Pity the poor cow. They give us milk and cheese, meat and leather, are the source of sustenance and prosperity. They are venerated in some cultures yet treated like so much merchandise and with a flagrant lack of humanity in others. Adding insult to injury, the word ‘cow’ is never used as a compliment.

‘La vache’ expresses surprise in French. Whether a ‘wow’ or a ‘damn’, either positive or negative. It is slang but not vulgar.

However, to say someone or something is ‘vache’ means it’s not nice. Nasty, mean, tough… Arrête d’être vache! Stop being a cow!            

To do something mean to someone is to ‘faire une vacherie’. It seems somehow unjust that the language always attributes the feminine gender to such behaviour. I’ve seen it in both men and women. Note that in French, however, it is ‘une vache’ but ‘un boeuf’.

Until recently I thought these were just different names for male and female. I did not know that milk cows (‘vache laitière’, not to be confused with ‘vache à lait’…) are a completely different subset of the bovine species from beef cattle. Ah, the ignorance of the city mouse!
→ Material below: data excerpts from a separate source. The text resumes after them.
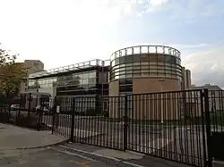 The main building, opened in 2001, is located at the southwest corner of 164th Street and 82nd Road just north of the Grand Central Parkway.[3][10] The building was designed by the Perkins and Will and Davis Brody Bond architectural firms, with a largely-glass outer facade.[11] It has 360,000 square feet (33,000 m2) of space and 200 beds.[3][10][1] It features private and semi-private patient rooms, in contrast to the large hospital wards of the previous buildings.[10] Adjacent to the south of the main building fronting the Grand Central is the only remaining pre-2000 hospital building.[3][10][12] This is the "N Building", the former Queens Hospital Center School of Nursing built in 1956.[10][13][12] It is connected to the main building by an atrium structure.[10] The nursing school graduated its final class in June 1977.[14]
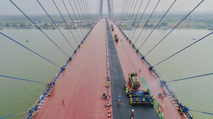2019 年 11 月 23 日,主橋?yàn)r青面層完成,標(biāo)志二期路面施工完成。
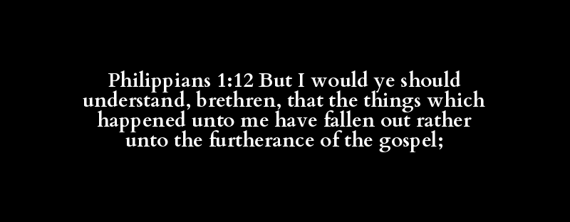 Philippians 1:12 But I would ye should understand, brethren, that the things which happened unto me have fallen out rather unto the furtherance of the gospel;
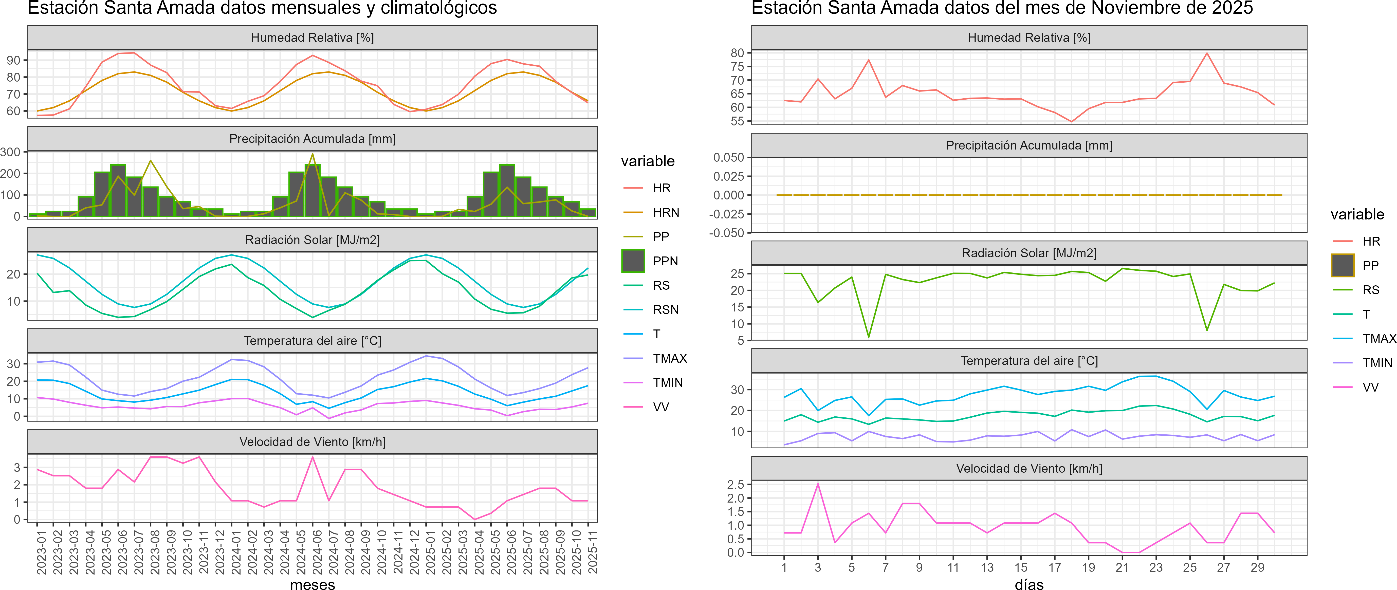La estación Santa Amada corresponde al distrito agroclimático 7-8-5. Para este distrito climático la temperatura mínima, media y máxima climatológicas alcanzan los 7.9°C, 16.8°C y 25.8°C respectivamente. Por su parte, respecto a las temperaturas medidas durante el mes de noviembre en la estación: la temperatura mínima alcanzo los 7.5°C (-0.4°C bajo la climatológica), la temperatura media 17.5°C (0.7°C sobre la climatológica) y la temperatura máxima llegó a los 27.8°C (2°C sobre la climatológica). En el mes de noviembre se registró una pluviometría de 0 mm, lo cual representa un 0% con respecto al mismo mes de un año normal. De enero a noviembre se ha registrado un total acumulado de 477.3 mm, en circunstancias que un año normal registraría a la fecha 861 mm, lo que representa un déficit de 44.6%. A la misma fecha, durante el año 2024 la precipitación alcanzaba los 8.2 mm.
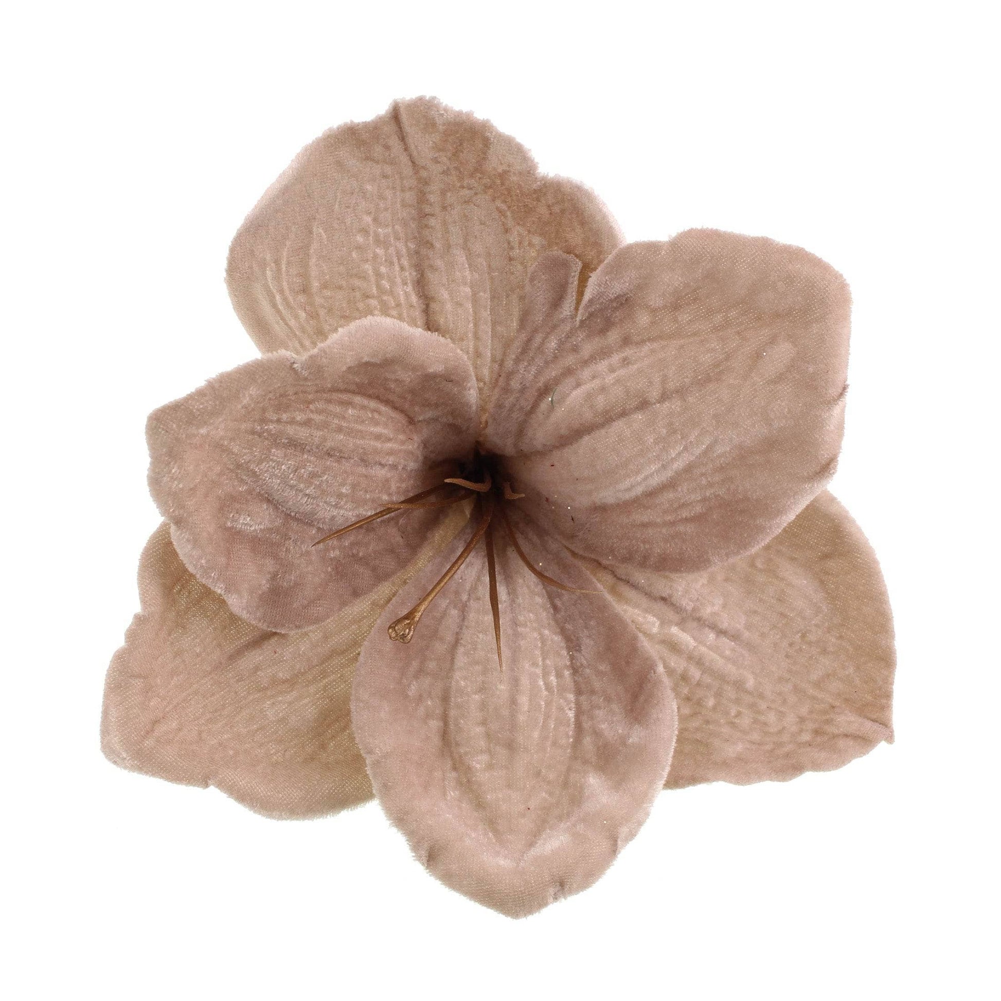 Beige Velvet Amaryllis Clip Decoration - 14cm
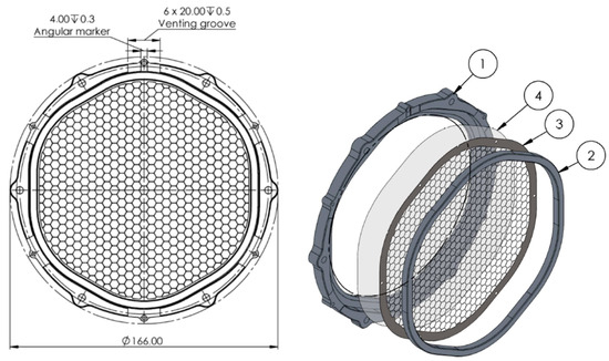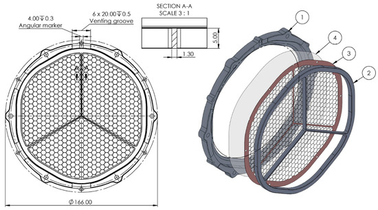The baseline design of the THF300 comprises an outer frame, an inner frame, and a metallic mesh reinforcing the thin aluminized polyimide (PI) film (see Figure 2). The clear aperture diameter of the hexagonal metal frame with rounded corners is 132 mm. The PI film is 45 nm thick and is coated with 30 nm of aluminum. The reinforcing mesh in its baseline design has a hexagonal pattern with a pitch of 5.3 mm and a mesh arm dimension height × width (h × w) of 80 µm × 40 µm.

However, to be really mean and horrible takes being a cow a step further.

In my early days in the French corporate world, a colleague pulled me aside and told me to watch myself around so-and-so. “Attention,” she said, “C’est une peau de vache.

“A cow skin? Whatever does that mean?” I asked. Turns out that this is worst kind of person, the one who will smile to your face and stab you in the back as soon as you’re not looking. Worse, they will go to any length to get what they want.

Yet the poor cow’s hide makes such a lovely chair!

Aside from having their name so often taken in vain, the French cow’s life is not so bad. We have many small, family-run farms where just a few cattle graze in the fields.

Perhaps this is why the most famous of French cows is always smiling. The cheesy laughing cow of course!

Do you have a favourite expression involving cows?